Шрифт:
Интервал:
Закладка:
— Я?
— Да. Но ты должен доказать свою веру. Он ведь мог все-все предсказать заранее, не так ли?
— При чем здесь я?
— Да-да, ты. Потому что он был обычный раввин. Наш Иисус был из рода обычных раввинов. Ты ведь знаешь Священное Писание вдоль и поперек, не так ли? — Он смачно облизнул усы и энергично кивнул в подтверждение собственных измышлений.
— Терпеть не могу людей, болтающих о религии на вечеринках, — заметил Том молчаливым слушателям; те ухмыльнулись.
— Я тоже, — заявил пьяный тип, хватая Тома за локоть. — Бери еще пиво — и я тебе все расскажу! Встань на его место.
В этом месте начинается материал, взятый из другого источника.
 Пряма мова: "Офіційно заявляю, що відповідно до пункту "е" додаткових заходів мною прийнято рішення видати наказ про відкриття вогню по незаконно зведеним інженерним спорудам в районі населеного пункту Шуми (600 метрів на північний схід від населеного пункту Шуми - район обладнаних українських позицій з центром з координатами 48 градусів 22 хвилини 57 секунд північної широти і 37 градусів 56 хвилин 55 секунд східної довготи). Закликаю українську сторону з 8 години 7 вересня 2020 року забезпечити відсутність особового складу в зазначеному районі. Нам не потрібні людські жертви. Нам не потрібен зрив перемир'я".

Ну? Стало быть, ты отдаешь себе отчет, что должен выполнить все свои пророчества. Найти осла, взгромоздиться ему на спину и въехать в городские ворота, когда твои фанаты будут орать тебе осанну! У тебя все точно рассчитано. — Он декламировал все это в манере актеров Викторианской эпохи. Том хотел выйти, но пьяный крепко вцепился в него. — Тебе также, без сомнения, известно, что они пригвоздят тебя к кресту, потому что в Иерусалиме уже прохода нет от самозванцев, так что всех «спасителей» сразу распинают. Но ты ухитрился, словно по волшебству, уцелеть даже на кресте, да? И затем… — Он вдруг устремил пронзительный взгляд куда-то за спину Тома. — Господи Иисусе, посмотрите только на эту сексуально озабоченную сучку в черном платье. Какая страстная красотка! Да, вот тут уж Господь, можно сказать, постарался… Это…
— Это моя жена, — сказал Том.
— Черт. Прошу прощения. Не хотел никого оскорбить.
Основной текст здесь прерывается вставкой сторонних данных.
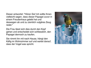 Frau Gunkel kauft einen Papagei aus einer Tierhandlung, der zuvor in einem Freudenhaus lebte, was dazu führt, dass er vulgäre Ausdrücke von sich gibt. Trotz der anfänglichen Schocksituation und den beleidigenden Kommentaren, die der Papagei gegenüber ihrer Familie äußert, beschließt die Familie, darüber zu lachen. Schließlich begrüßt der Papagei den Familienvater mit einem freundlichen 'halloo bernd!'.

— Тебе что, по зубам съездить? — гневно бросил Том. Он не на шутку разозлился.
Пьяный покачнулся и окинул взглядом атлетическую двухметровую фигуру Тома весом под сотню килограммов. Трое остальных отступили назад. Он подставил Тому правую щеку.
— Давай. Я заслужил это. Только двинь меня сюда, а то с другой стороны у меня флюс.
Том оттолкнул его лицо ладонью, взял пиво и вышел из кухни.
Часа через два он заметил, что этот тип пытается завязать разговор с Кейти. Он знал, что Кейти может постоять за себя, но тут вспомнил, как он сам познакомился с ней в этой самой комнате, и решил нарушить их уединение.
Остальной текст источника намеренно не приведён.